Record set:
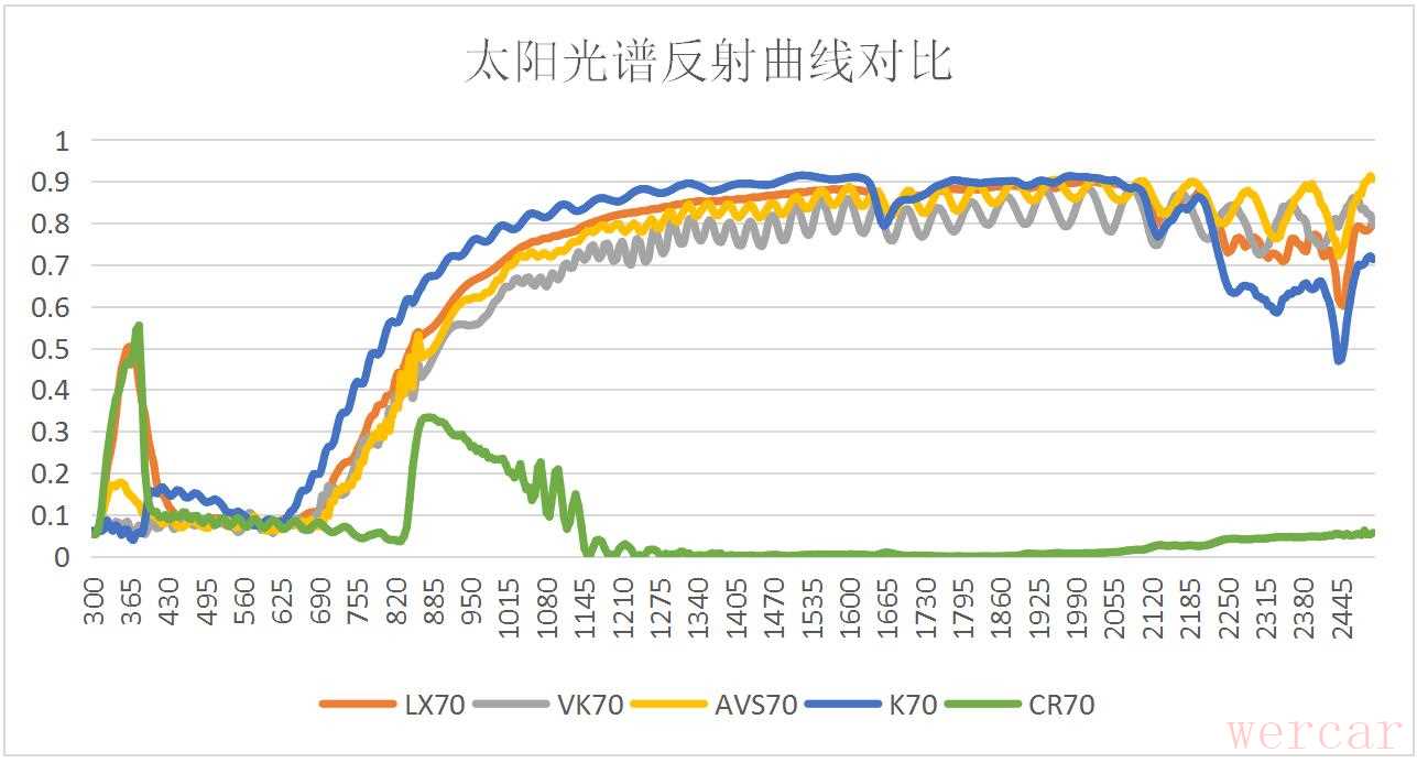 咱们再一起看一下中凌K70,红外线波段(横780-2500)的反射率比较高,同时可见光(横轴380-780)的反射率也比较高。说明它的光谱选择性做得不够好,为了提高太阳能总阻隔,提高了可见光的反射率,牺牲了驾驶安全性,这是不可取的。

...

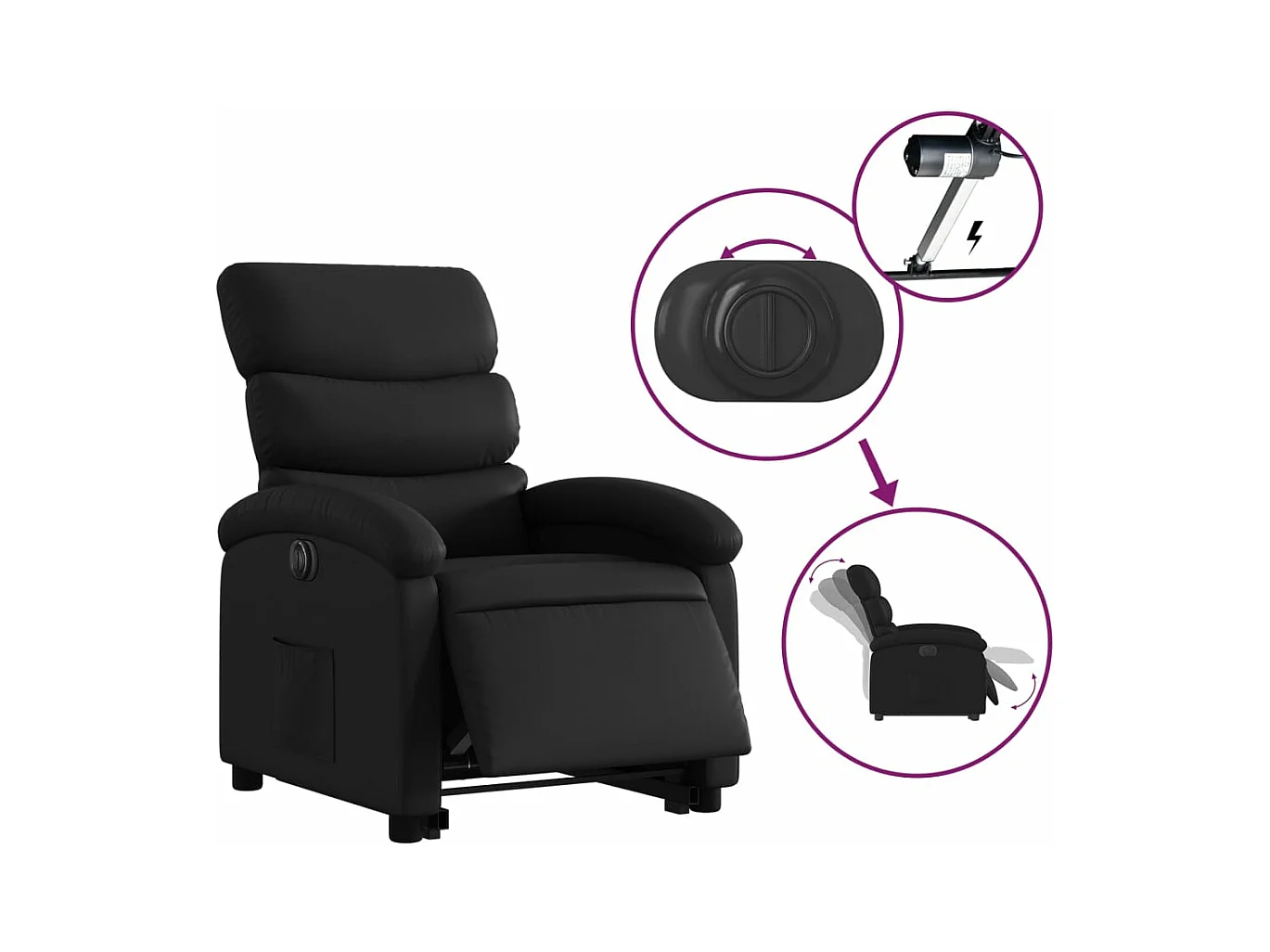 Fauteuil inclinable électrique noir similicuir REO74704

---

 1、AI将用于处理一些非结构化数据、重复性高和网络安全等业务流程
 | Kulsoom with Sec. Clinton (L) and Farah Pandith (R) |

Task to complete:
In the listing above, find the line containing "1、AI将用于处理一些非结构化数据、重复性高和网络安全等业务流程" and the line containing "Pandith (R) |", then quote both, plus every line between them, exactly as written.

Problem solution:
 1、AI将用于处理一些非结构化数据、重复性高和网络安全等业务流程
 | Kulsoom with Sec. Clinton (L) and Farah Pandith (R) |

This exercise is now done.